Senate Majority Leader Mitch McConnell (R., Ky.) announced that the Senate will proceeded with a preliminary vote on Kavanaugh's nomination on Friday.

But Republicans moved forward with plans for a key procedural vote today and a final vote tomorrow on confirming the conservative federal appeals judge for a lifetime job on the top U.S. court.

Key undecided senators spent hours Thursday in a secure briefing room pouring over the FBI's report on allegations of sexual misconduct.

Democrats contend that the Kavanaugh nomination and sexual misconduct allegations have motivated women and independents in contentious House races, many of which are in suburban and swing districts where Trump already was less popular.

The letter also says Kavanaugh gave "intemperate, inflammatory" responses and was "discourteous" to senators.

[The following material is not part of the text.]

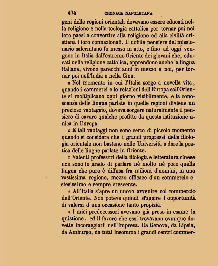 « Nel momento in cui l'Italia sorge a novella vita, quando i commerci e le relazioni dell'Europa coll'Orien-te si moltiplicano ogni giorno visibilmente, e la conoscenza delle lingue parlate in quelle regioni diviene un prezioso vantaggio, doveva sorgere naturalmente il pensiero di cavare qualche profitto da questa istituzione u-rJca in Europa.

Republicans expressed growing confidence that Kavanaugh would be confirmed by the Senate after a political battle that has riveted Americans weeks before November 6 elections in which Democrats are trying to take control of Congress from the Republicans.

Prof Blasey Ford testified last week at a dramatic Judiciary Committee hearing that when she was 15, a drunken 17-year-old Kavanaugh pinned her down, tried to remove her clothing and covered her mouth after she screamed.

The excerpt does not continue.